A story in the Washington Post says that banks should follow a policy of redlining — that is, not making loans to minorities.
Of course, it doesn’t come right out and say that, but that appears to be the inescapable conclusion. It appears that members of minority groups don’t pay their mortgages back at the same rate as whites, regardless of income level.
Minority homeowners have been disproportionately affected by the foreclosure crisis and stand to lose homes at a faster pace than white borrowers in the future, according to a report released Friday by a nonprofit research group.
[...] High-income black borrowers, for example, were 80 percent more likely to lose their homes to foreclosure than their white counterparts, while Latino borrowers were 90 percent more likely.
Now, I’d expect minorities to default on their obligations more often than whites. On average, members of minority groups are poorer than whites. The very biggest problem with being poor is that a minor misfortune — say, a car breaking down — can turn into a major disaster pretty quickly. I’d be surprised if foreclosure rates for white and blacks of comparable financial means weren’t similar.
But here we’re told that even ‘high-income’ minority borrowers don’t pay back their loans at the same rate as white people.
Housing experts have pointed to a variety of factors to explain the disparity, including higher unemployment rates in minority communities and traditionally fewer financial resources for black and Latino borrowers to fall back on.
Meaning: they’re poorer. But remember, higher-income minorities are actually more likely to default than their poorer cousins from the same minority groups. So this can’t be it.
One possibility that’s not addressed in the story at all is that members of minority groups tend to buy property in bad neighborhoods at a greater rate than whites. When real-estate values fall, they fall first and fastest in the ghetto-adjacent areas, leaving a lot of the mortgagees there under water on their loans. People of all colors are far more likely to stop paying their notes when the outstanding balance exceeds any plausible value of the property.
There are some quotes in the article that explain the problem by means of the chicken and the egg:
“I think it reflects that minority borrowers were targeted by the sellers of these [risky] mortgages,” said Barry Zigas, director of housing and credit policy at the Consumer Federation of America.
Yeah, well, when you’re poor, it’s riskier to lend you money, so you get a riskier mortgage. And as there’s a headline in the Post here, atop this very story, saying ‘Minorities hit harder by foreclosure crisis’ — meaning ‘People who lent to minorities hit harder by deadbeats not making their payments’ — it would seem that the lenders offering risky mortgages to these people knew exactly what they were doing.
Research has shown that minority borrowers were more likely to receive subprime loans during the housing boom even if they had credit scores, incomes and loan sizes similar to those of whites.
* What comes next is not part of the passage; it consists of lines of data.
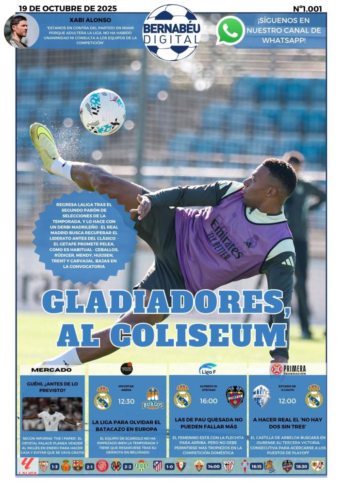 Bernabéu Digital destaca en la portada BD la previa del partido del Real Madrid contra el Getafe y las declaraciones de Xabi Alonso. También se resalta las previas del basket, del Femenino y del Castilla.
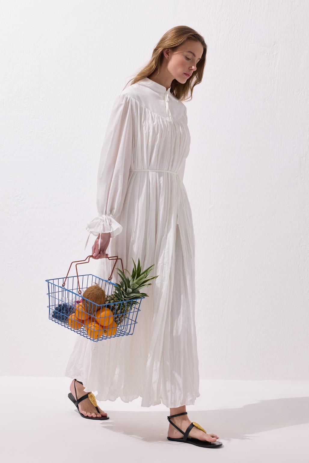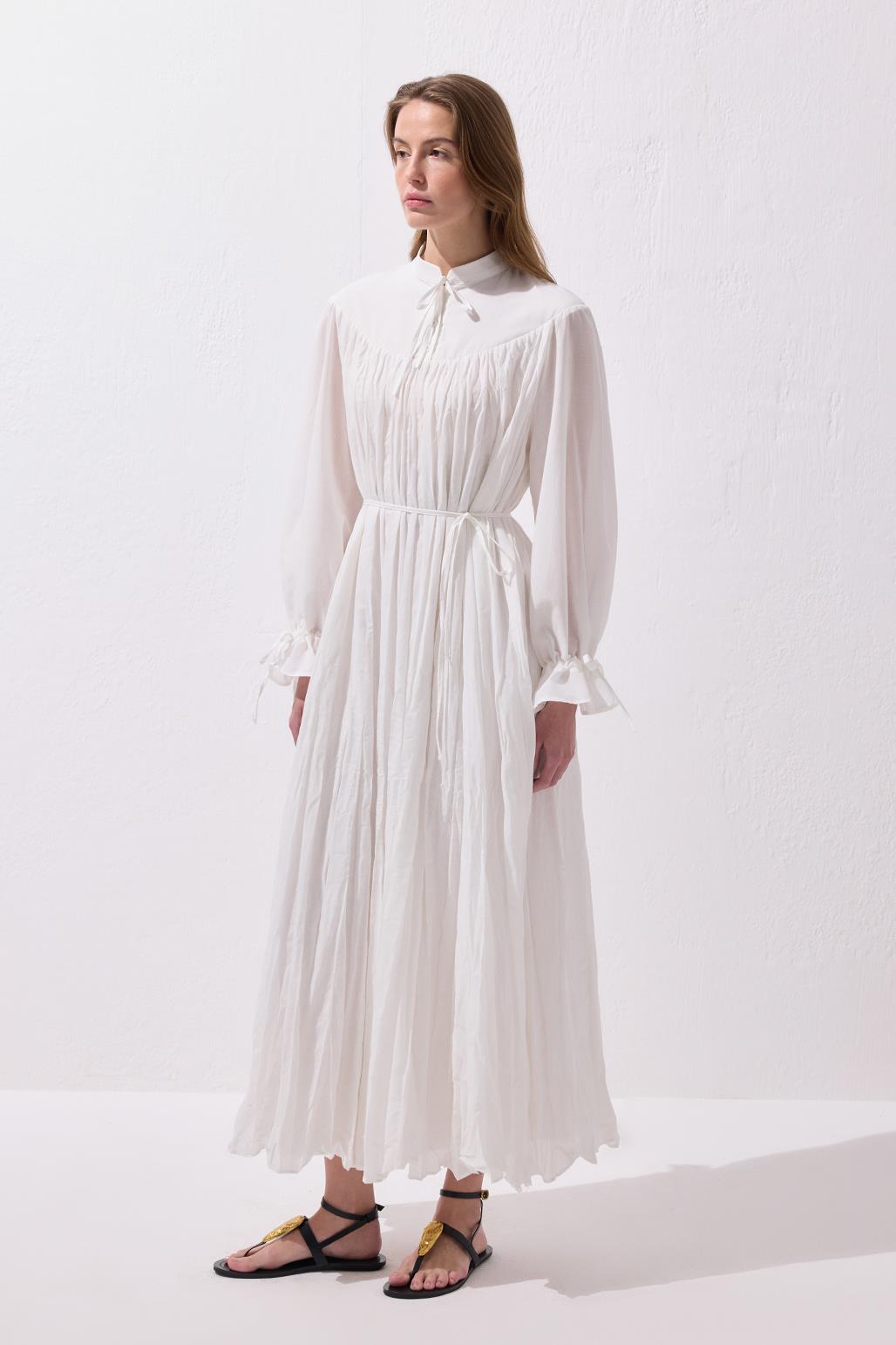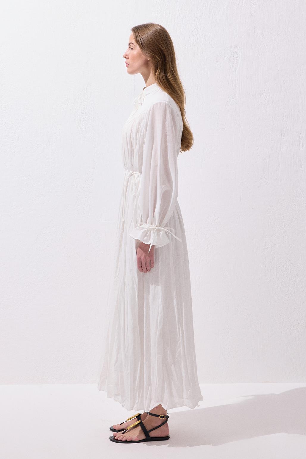 Crinkle-effect voile fabric, lined, high collar, raglan cut, low shoulder design, adjustable gathered sleeve cuffs, removable waist belt, long dress.
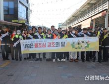 [신경북뉴스] 울진소방서는 19일 오전 울진 바지게시장 일대에서 ‘불조심 강조의 달’을 맞아 합동 소방안전문화 캠페인과 소방차 퍼레이드를 성황리에 개최했다. 이번 캠페인에는 울진소방서 직원 및 울진 남여의용소방대, 소방안전협의회, 상인회가 참여해 지역 주민들에게 화재예방 메시지를 집중 홍보했다. 이날 캠페인은 군민이 많이 찾는 전통시장과 상가 밀집 지역을 중심으로 진행됐으며, ‘전기화재 위험성’, ‘우리집 대피계획 세우기’, ‘주택용 소방시설의 중요성’, ‘전통시장·다중이용시설 화재예방’, ‘난방용품 화재예방’, ‘방화문 닫기 운동 등 6대 홍보 테마를 바탕으로 플래카드와 전단지를 활용한 현장 홍보가 이어졌다. 특히 오전 9시 40분 울진소방서를 출발한 소방차 퍼레이드는 북부삼거리, 울진군청, 울진 버스터미널 등을 경유하며 많은 군민들의 눈길을 끌었다. 지휘차, 구조공작차, 구조구급차, 울진중형펌프, 울진험지펌프 등 총 5대의 소방차량이 참여해 불조심 강조 메시지를 전달했다. 울진소방서 관계자는 “불조심 강조의 달을 맞아 군민과 함께 안전 문화를 확산하고자 캠페인을 추진했다”며 “앞으로도 지역사회와 협력해 화재
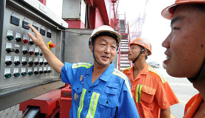青岛港在培养高技能人才方面自有独到之处。坚持“企业是员工再教育的大学校、新平台”的理念,加强思想引领,青岛港从解决“港口发展”和“人的发展”问题入手,通过全员大培训、技术大比武、在线学堂等平台资源,进一步调动起广大员工自觉学业务、主动练技能的积极性。结合开展“党员示范岗”、“工人先锋号”等竞赛活动,激励全港员工立足岗位、创先争优,并拓宽员工职业发展通道,让员工与港口共同成长。继许振超后,又培养出了党的十八大、十九大代表皮进军,全国优秀共产党员郭凯,涌现出了“全国五一劳动奖章”获得者王加全,国务院政府特殊津贴获得者唐卫等一大批“振超”式德才兼备的先进典型。
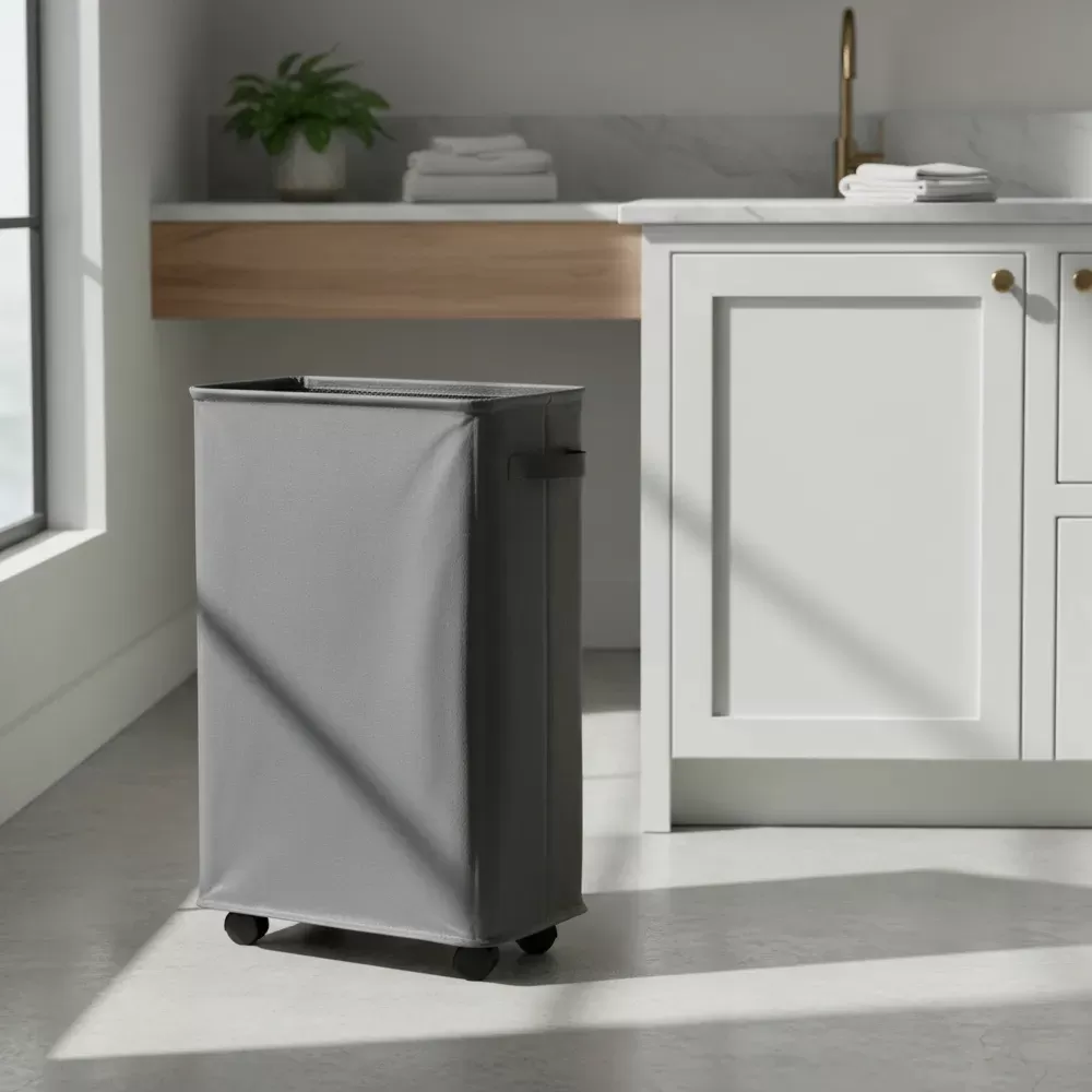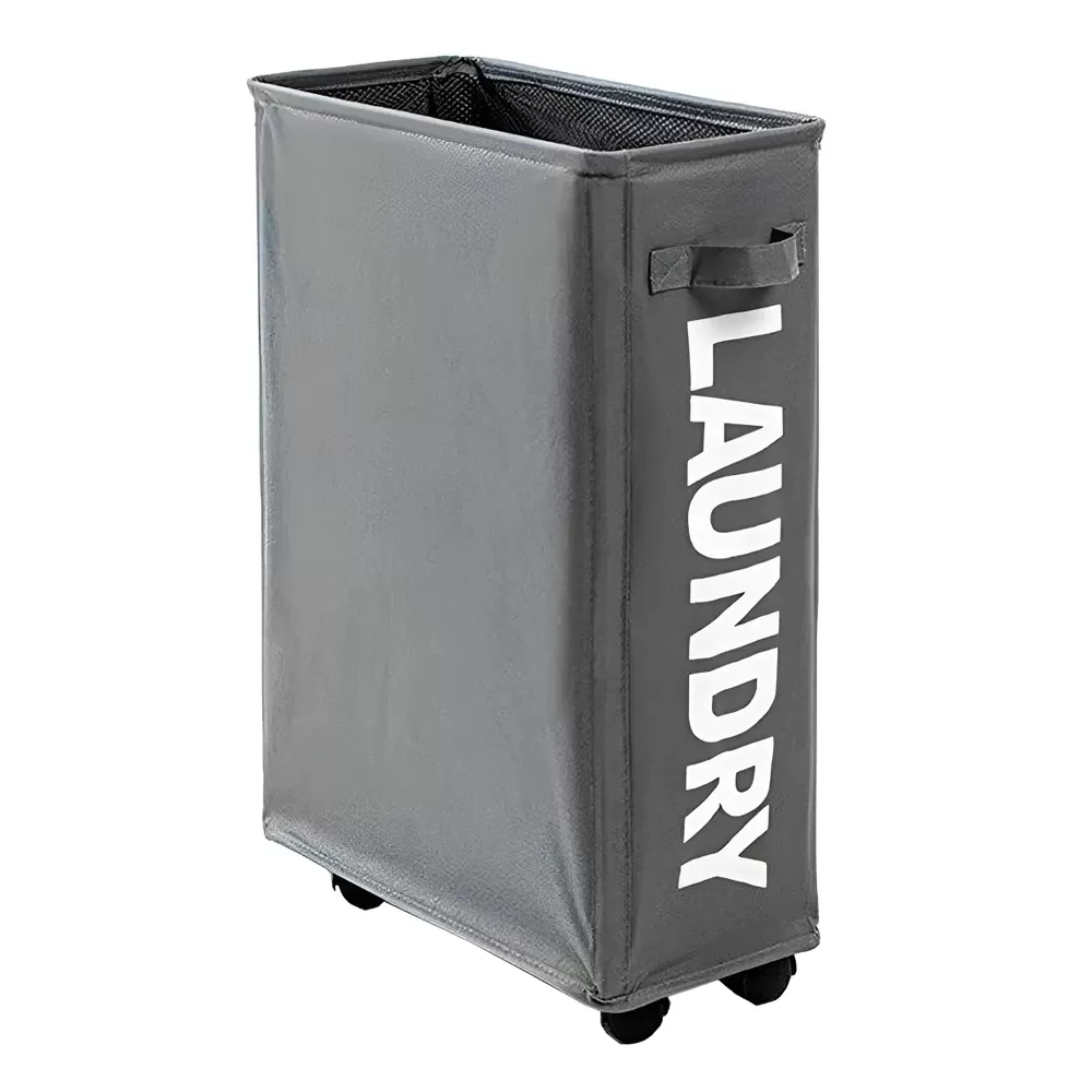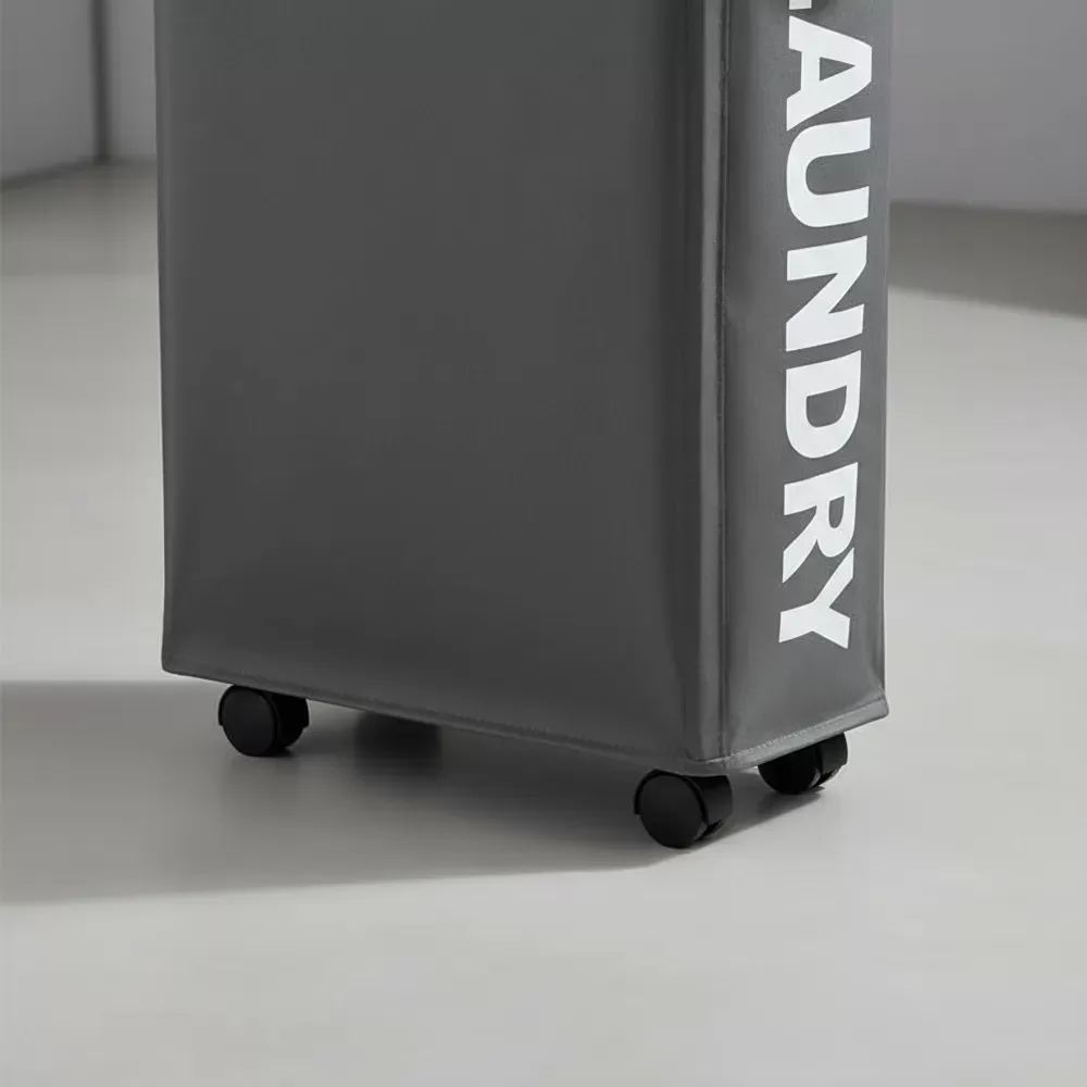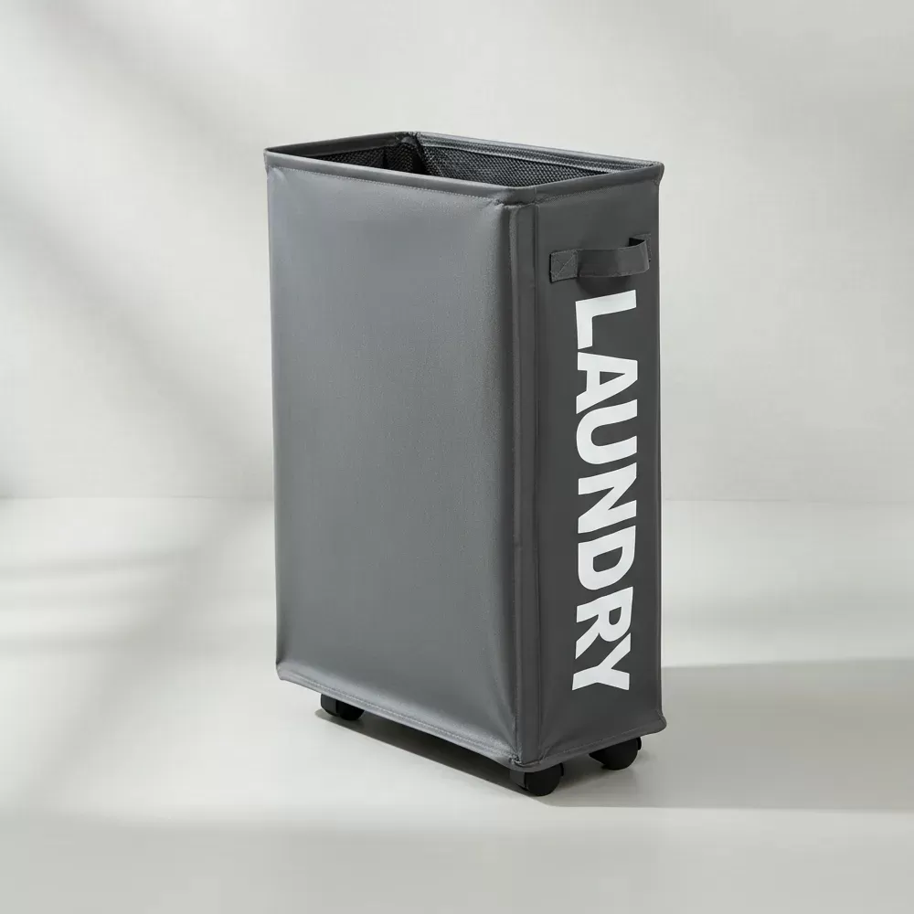Cesto De Ropa Sucia Con Ruedas Rectángular Plegable Compacto Gris Oscuro

Some housing experts say that minority borrowers received higher rates on subprime loans compared with similarly situated white borrowers, resulting in higher monthly payments and quicker defaults.
Though, since nobody is forced to accept a certain loan, this paragraph really just says ‘Minorities are so stupid that they take worse loan terms than they could get’. That’s a rather shocking thing to read in a left-wing paper like the Washington Post, which is why they couch it in the passive voice and put the blame on the lenders.
Of course, had the lenders not made loans to the minorities, this would have been because of racism.